With some more coding changes, perhaps.

Fixed leases do not belong to a pool so no pool-specific settings will apply to them.

Eventually someone could take the pool type settings and apply that to static leases as well, since most all of those settings are also valid for static leases.

But doing the groups thing, though interesting, would greatly increase the complexity of the code on the page, and it's already pretty complicated.

Possible, yes, but unless someone pumps some funding into it, not likely to happen anytime soon.

jimp · Jan 27, 2013, 6:47 PM

FYI- Input validation was added last week to prevent overlapping pools from being saved.

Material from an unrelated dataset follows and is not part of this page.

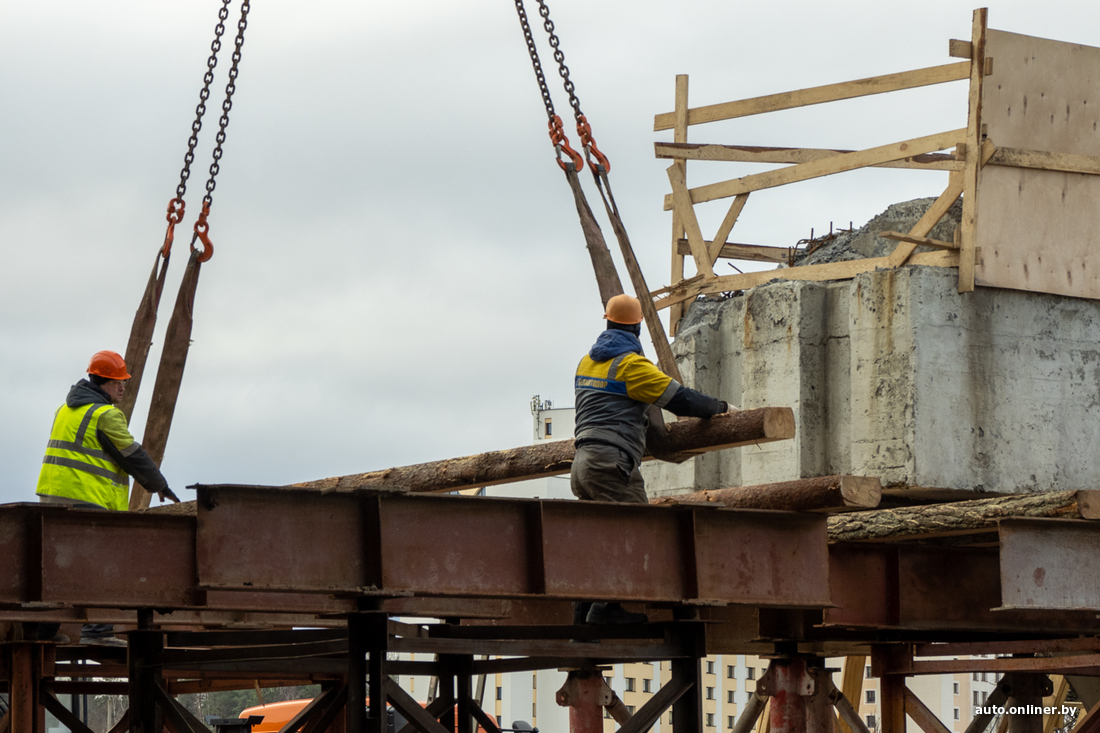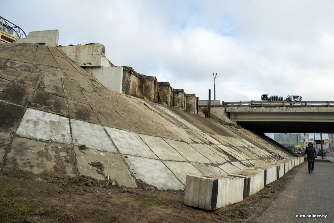 В начале февраля стали реконструировать путепровод на 25-м км МКАД. Речь об участке кольцевой в районе пересечения пр. Дзержинского и выезда из столицы в направлении Бреста. В этом месте собираются увеличить ширину МКАД. Движение на некоторых участках временно ограничили. Сейчас, спустя почти два месяца после начала работ, вырисовываются очертания объекта.

Testing would be helpful there also.

bluenote · May 15, 2013, 8:54 PM

I tested multiple DHCP pool for a subnet (LAN) and I noticed that the fixed lease were not anymore handle properly. Only the last one inserted was show in the fixed lease table in the bottom of services_dhcp.php.

Every new insertion made the previous record to be delete.

jimp · May 15, 2013, 9:08 PM

@bluenote:

I tested multiple DHCP pool for a subnet (LAN) and I noticed that the fixed lease were not anymore handle properly. Only the last one inserted was show in the fixed lease table in the bottom of services_dhcp.php.

Every new insertion made the previous record to be delete.

On 2.1 or with a 2.0.x patch? (I would expect issues with the 2.0.x patch, it wasn't meant to be used, use 2.1 instead)

jimp · May 16, 2013, 7:44 PM

@jimp:

@bluenote:

I tested multiple DHCP pool for a subnet (LAN) and I noticed that the fixed lease were not anymore handle properly. Only the last one inserted was show in the fixed lease table in the bottom of services_dhcp.php.

Every new insertion made the previous record to be delete.

On 2.1 or with a 2.0.x patch? (I would expect issues with the 2.0.x patch, it wasn't meant to be used, use 2.1 instead)

Seems to be fixed by this:
https://github.com/pfsense/pfsense/commit/37c922a6faff0e55db04fb66e43b76180e1c1449

WetWilly · Jun 4, 2013, 1:40 PM

Is "Multiple DHCP pools outside of subnet"

Anywhere on the roadmap?

Or is there any smooth way to a DHCP-range outside of LAN interface subnet?

jimp · Jun 4, 2013, 2:04 PM

@WetWilly:

Is "Multiple DHCP pools outside of subnet"

Anywhere on the roadmap?

Or is there any smooth way to a DHCP-range outside of LAN interface subnet?

It's closer to being possible, but not going to happen any time soon (maybe 2.2, if someone has the time or funding for it).

There is no way to do DHCP for another subnet on an interface currently. That's a question for another thread, though.